In response to this crisis of perceived abandonment, I decided to re-invoke the dual induction format that had been successful earlier. Within three sessions, Cheryl’s symptoms had resolved. Her depression lifted; she returned to work and stabilized. Within a month her recovery was sustained, and this continued even after her mother moved out to Vancouver Island. After several well-spaced follow-up individual sessions, we mutually agreed to close the case successfully.

Two years later I received a surprise gift from Sharon. I wish you could see it, but I never took a picture of it. Nevertheless, I had it mounted as an art piece on my office wall for more than five years. With wear and tear, it fell and broke several times during moves and temporary storage, eventually beyond repair. But first you need to know that a significant theme in our therapy and our dual inductions was overcoming the to perfectionism that mother and daughter both shared. We applied the pattern intervention “whatever you do, from now on, do everything imperfectly as an act of homework to break your perfectionism.” As you have read in other chapters, this homework is quite effective in cases of perfectionism. Mother and daughter both applied this task exactly as given (well, not really exactly as given, or that would be violating the rule itself). The perfectionism dwindled and eventually vanished.

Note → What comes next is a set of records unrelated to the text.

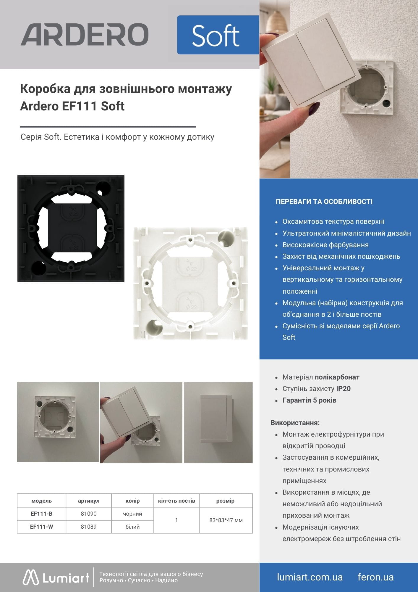 Електрофурнітура Ardero Soft для дому та комерційних приміщень — оптимальне рішення для квартир і будинків, офісів, бізнес-центрів, готелів, ресторанів і торгових об’єктів. Підходить для сучасних інтер’єрів: світлий мінімалізм (скандинавський стиль), сучасний стриманий дизайн, технологічний стиль (smart home, high-tech), а також преміум інтер’єри — дизайнерські апартаменти, шоуруми, готелі. Розетки та вимикачі Ardero Soft розраховані на інтенсивне використання, зберігають зовнішній вигляд роками, ідеально підходять для дизайнерських проєктів та призначені для використання всередині приміщень.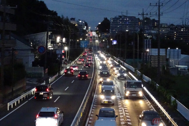一般道では、大きな交差点にある信号機が渋滞の原因であることがほとんど。青信号が点灯する時間の長さは交通量と場所ごとに設定されているのですが、朝夕の混雑しやすい時間帯は、一度の青信号で通過できる通行量を超えてしまい、交差点を先頭に渋滞が発生する流れです。特に右左折レーンが設けられてない道路では、交差点で曲がろうとする車両が後続車の進路を妨げてしまうため、より渋滞を悪化させる原因になっています。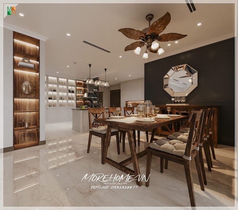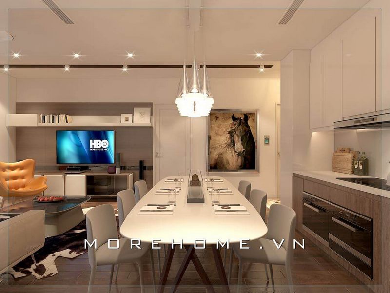 Với thiết kế xu hướng hiện đại phá cách thêm chút cổ điển việc trang trí phòng ăn liền bếp đã giúp cho căn hộ rộng rãi thoáng đãng mà giá trị thẩm mĩ cao.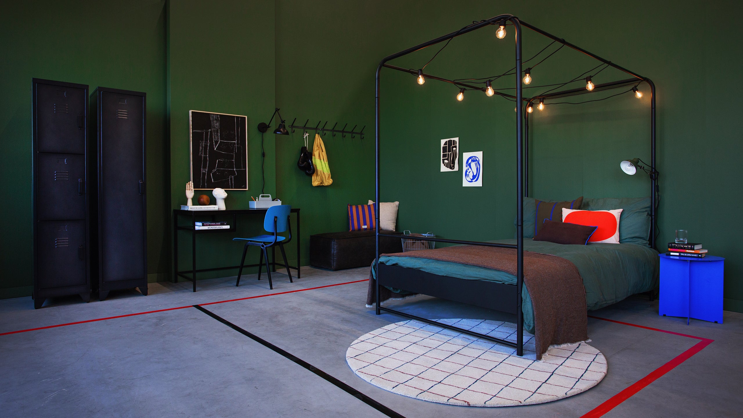 Een industriële stijl is ideaal als leidraad om een stoere tienerkamer in te richten. Denk bij industrieel aan robuuste items en stalen details. Maak gebruik van legergroen, bruin- en grijstinten om een passende look te creëren. In een typische industriële ruimte wordt er weinig gebruik gemaakt van kleur, maar in de tienerkamer mag het allemaal wel wat minder serieus. Voeg knalkleuren toe voor wat contrast. Kies bijvoorbeeld voor accenten in kobaltblauw of fel oranje. Dit laat je terugkomen in kleinere meubels, zoals een nachtkastjebijzettafeltje of in woonaccessoires. Houd je tiener van sport? Dan is het tof om met rood en zwart tape lijnen op de grond te creëren. Zo krijg je het gevoel van een gymzaal!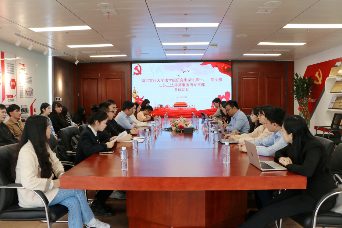 为深入学习贯彻中国共产党第二十次全国代表大会会议精神,扎实推进习近平法治思想,办好新时代法学教育,推动法学教育与法治实务相互融合发展,2023年10月27日上午,808钱包 研究生第一、二党支部与江苏三法律师事务所党支部开展共建活动。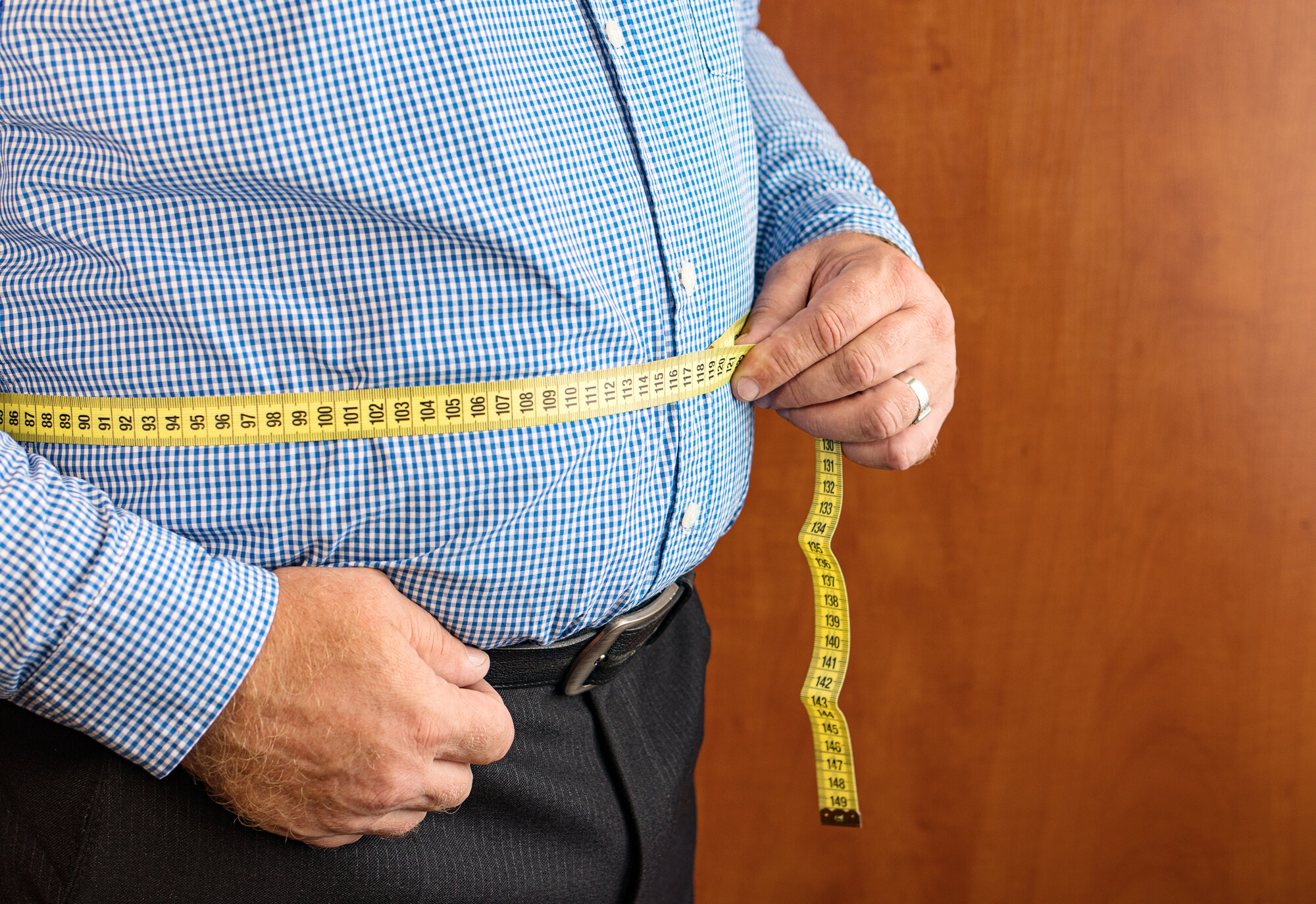 Mann misst seinen Bauchumfang mit einem gelben Maßband, trägt ein kariertes Hemd und dunkle Hose.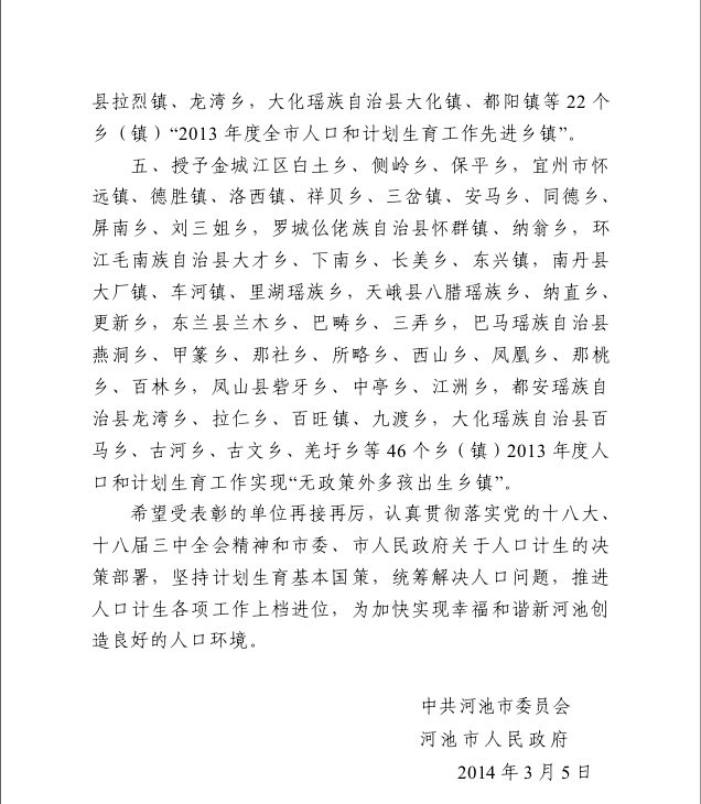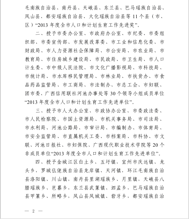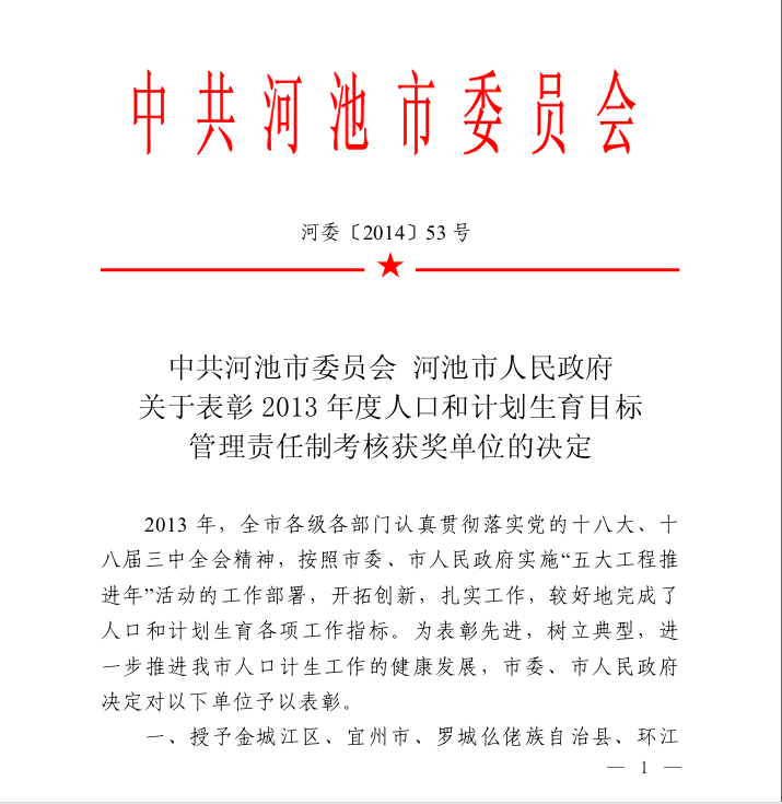 关于转发《中共河池市委员会 河池市人民政府关于表彰2013年度人口和计划生育目标管理责任制考核获奖单位的决定》的通知 来源: 发布时间:2014-04-18 11:03:42 浏览次数: 次 【字体:小 大】 【打印正文】 相关信息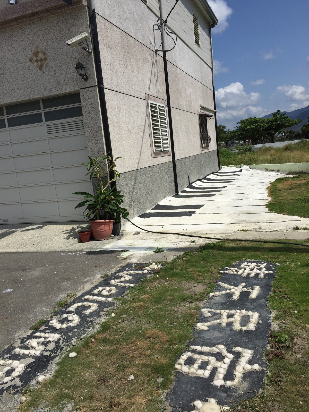 | 民宿外牆,很可愛的設計喔! 很用心的歡迎標誌,也把建築物融合了音樂的元素進去! |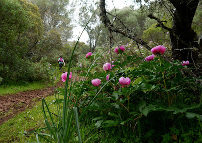 Tras las fotos de rigor, deshacemos el camino andado para proseguir con la ruta que llevábamos y si han empezado a florecer las peonías, desde este punto y hasta la cima de la sierra ya podremos ir viéndolas, bajo la sombra de cualquier árbol, al principio de forma aislada o en pequeños grupos, pero no es necesaro que nos volvamos locos haciendo fotos con las primera que se vena porque si están florecidas, más tarde, en al última parte de la subida a la sierra, podremos disfrutar de un «mar de peonías«…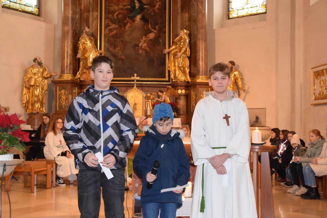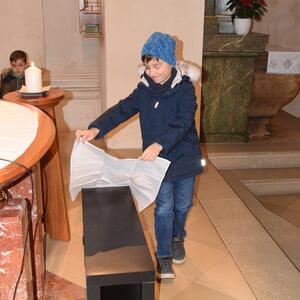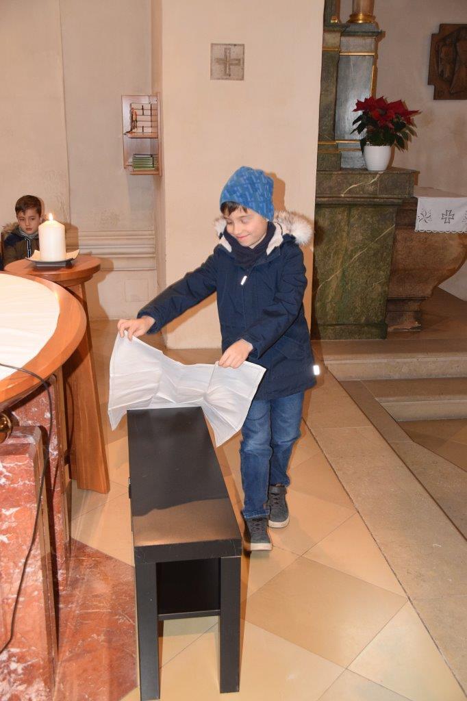 Die „Hochzeit von Kana“ war das Thema des Familiengottesdienstes am 19.1.25. Gemeinsam wurde mit Hilfe einiger Kinder ein festlicher Tisch gedeckt. Bei der Hochzeit von Kana verwandelte Jesus Wasser in Wein. Er half mit, dass dieses Fest nicht so schnell zu Ende ging. Jesus verteilte Freude unter den Menschen und half mit guten Taten. Auch im Gottesdienst verwandelten wir gemeinsam Wasser in Wein. Der Wein steht symbolisch für die Freude und die Liebe, die Jesus uns schenkt.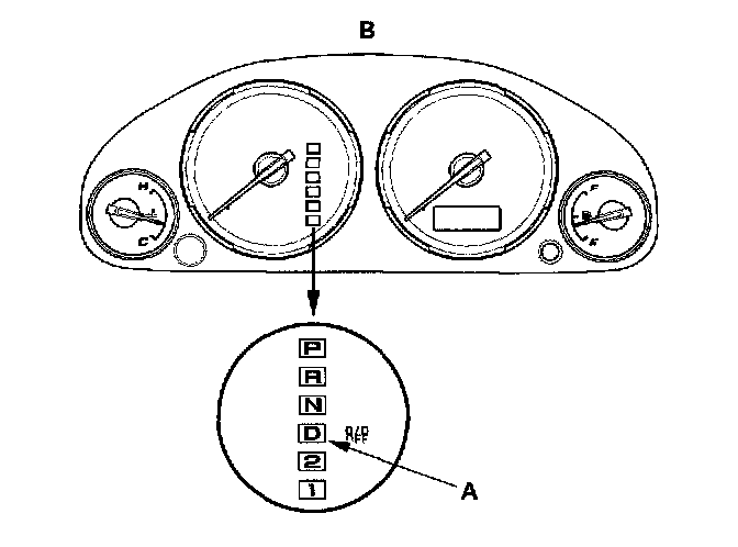 When the powertrain control module (PCM) senses an abnormality in the input or output systems, the (D) indicator (A) in the gauge assembly (B) will usually blink.

Coming back to the gift itself. It was a wall-hanging relief piece consisting of elongated small pieces of driftwood, each with two plastic googly eyes, with the markings in the wood forming heads and chins and sometimes shoulders of strangely lifelike comic figures. Assembled together, they looked like a gathering of strange people, a good-natured but goofy-looking choir. Burned into the small cross-piece sign was the inscription: “Nobody’s Perfect.” It was a fitting reminder of the fun work we had done together.